MAIN_ID,RA,DEC,RA_PREC,DEC_PREC,COO_ERR_MAJA,COO_ERR_MINA,COO_ERR_ANGLE,COO_QUAL,COO_WAVELENGTH,COO_BIBCODE,SCRIPT_NUMBER_ID
Unnamed: 0_level_1,"""h:m:s""","""d:m:s""",Unnamed: 3_level_1,Unnamed: 4_level_1,mas,mas,deg,Unnamed: 8_level_1,Unnamed: 9_level_1,Unnamed: 10_level_1,Unnamed: 11_level_1
object,str13,str13,int16,int16,float32,float32,int16,str1,str1,object,int32
Cl Melotte 22,03 46 24.2,+24 06 50,5,5,--,--,0,D,O,2021A&A...647A..19T,1
LAMOST J034622.46+240720.0,03 46 22.46,+24 07 20.0,6,6,1000.000,1000.000,90,D,O,2021RAA....21..292W,1
[KRL2001] 49,03 46 21.56,+24 07 17.0,6,6,--,--,0,D,,2001AJ....121..337K,1
V* PP Tau,03 46 31.1851,+24 07 02.431,14,14,0.112,0.093,90,A,O,2020yCat.1350....0G,1
Cl* Melotte 22 IPMBD 25,03 46 26.0867,+24 05 09.641,14,14,0.463,0.390,90,A,O,2020yCat.1350....0G,1
CXOP J034632.0+240746,03 46 32.01,+24 07 46.5,6,6,--,--,0,D,,2002ApJ...578..486D,1
[SCG94] X 135,03 46 29.7,+24 05 15,5,5,--,--,0,D,,,1
PGCC G166.44-23.59,03 46 24.280,+24 08 52.67,7,7,--,--,0,E,m,2016A&A...594A..28P,1
[KRL2001] 48,03 46 23.39,+24 08 56.0,6,6,--,--,0,D,,2001AJ....121..337K,1
...,...,...,...,...,...,...,...,...,...,...,...


### Searching using names

Obtaining the catalogue name of an object or the equatorial coordinates is easy using SIMBAD with the ```query_objectids```method.

In [4]:
object_name = 'Cl Melotte 22'

result_table_id = Simbad.query_objectids(object_name)
result_table_id

ID
bytes19
[KC2019] Theia 369
C 0344+239
H 0346+24
M 45
NAME Pleiades
NAME Seven Sisters
OCl 421.0
[KPR2004b] 47
Cl Melotte 22
[KPS2012] MWSC 0305


If we want to know the identification inside a particular catalogue, we can implement this module into a **function** that searches for a particular catalogue.
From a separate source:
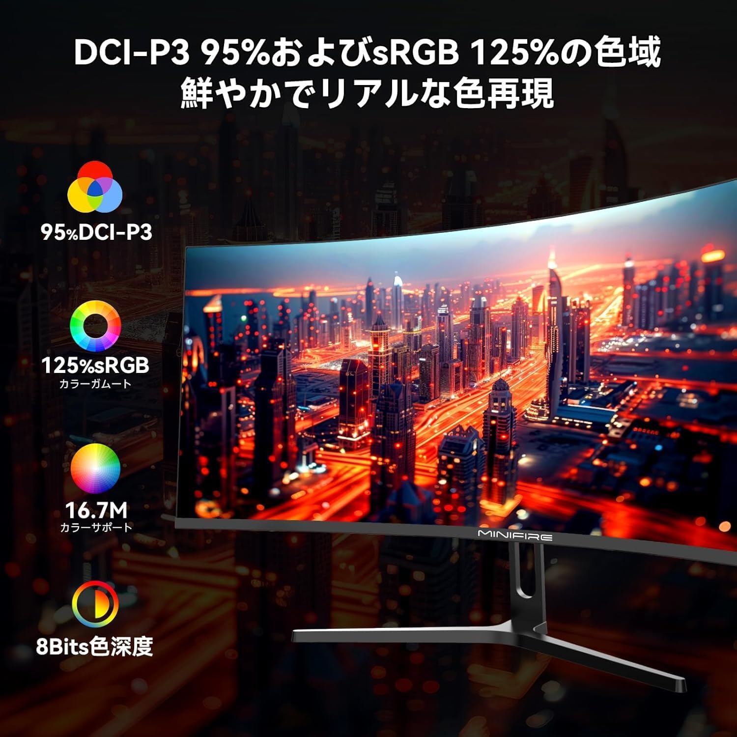 Minifire 34インチゲーミングモニター 曲面ウルトラワイド WQHD(3440*1440p) 165Hz 1ms応答速度 21:9 曲面 1500R VA FreeSync HDR10 sRGB125% 輝度320cd/㎡ 分屏機能/スピーカー内蔵/ HDMI2.1(TMDS)×2,DP 1.4×2/ 三年保証で安心 Amazonで販売中

For instance, the Gliese-Jahreis (GJ) identifier for a star would be:

In [5]:
def search_identifier(identifier, star_name):
    result_table = Simbad.query_objectids(star_name)
    matches = [row for row in result_table['ID'] if re.search(identifier, row)]
    if matches:
        for match in matches:
            print(colored(f"Found {identifier} identifier for {star_name}:", 'green'), f'{match}')
    else:
        print(colored(f"No {identifier} identifier for {star_name}", 'red'))

identifier = 'GJ'
star_name = 'Proxima Centauri'
search_identifier(identifier, star_name)

Found GJ identifier for Proxima Centauri: GJ 551


### Customizing SIMBAD query

Some parameters are not available by default. These is the default set:

In [6]:
result_table.colnames

['MAIN_ID',
 'RA',
 'DEC',
 'RA_PREC',
 'DEC_PREC',
 'COO_ERR_MAJA',
 'COO_ERR_MINA',
 'COO_ERR_ANGLE',
 'COO_QUAL',
 'COO_WAVELENGTH',
 'COO_BIBCODE',
 'SCRIPT_NUMBER_ID']

 We can create a customized SIMBAD using the ```add_votable_fields()``` method. The full list of parameters that are accesible in SIMBAD (i.e. VOTable) is:

In [7]:
Simbad.list_votable_fields()

--NOTES--

1. The parameter filtername must correspond to an existing filter. Filters include: B,V,R,I,J,K.  They are checked by SIMBAD but not astroquery.simbad

2. Fields beginning with rvz display the data as it is in the database. Fields beginning with rv force the display as a radial velocity. Fields beginning with z force the display as a redshift

3. For each measurement catalog, the VOTable contains all fields of the first measurement. When applicable, the first measurement is the mean one. 

Available VOTABLE fields:

bibcodelist(y1-y2)
biblio
cel
cl.g
coo(opt)
coo_bibcode
coo_err_angle
coo_err_maja
coo_err_mina
coo_qual
coo_wavelength
coordinates
dec(opt)
dec_prec
diameter
dim
dim_angle
dim_bibcode
dim_incl
dim_majaxis
dim_minaxis
dim_qual
dim_wavelength
dimensions
distance
distance_result
einstein
fe_h
flux(filtername)
flux_bibcode(filtername)
flux_error(filtername)
flux_name(filtername)
flux_qual(filtername)
flux_system(filtername)
flux_unit(filtername)
fluxdata(filtername)

A description of any field can be obtained using:

In [8]:
Simbad.get_field_description('fe_h')

Stellar parameters (Teff, log(g) and [Fe/H]) taken from the literature.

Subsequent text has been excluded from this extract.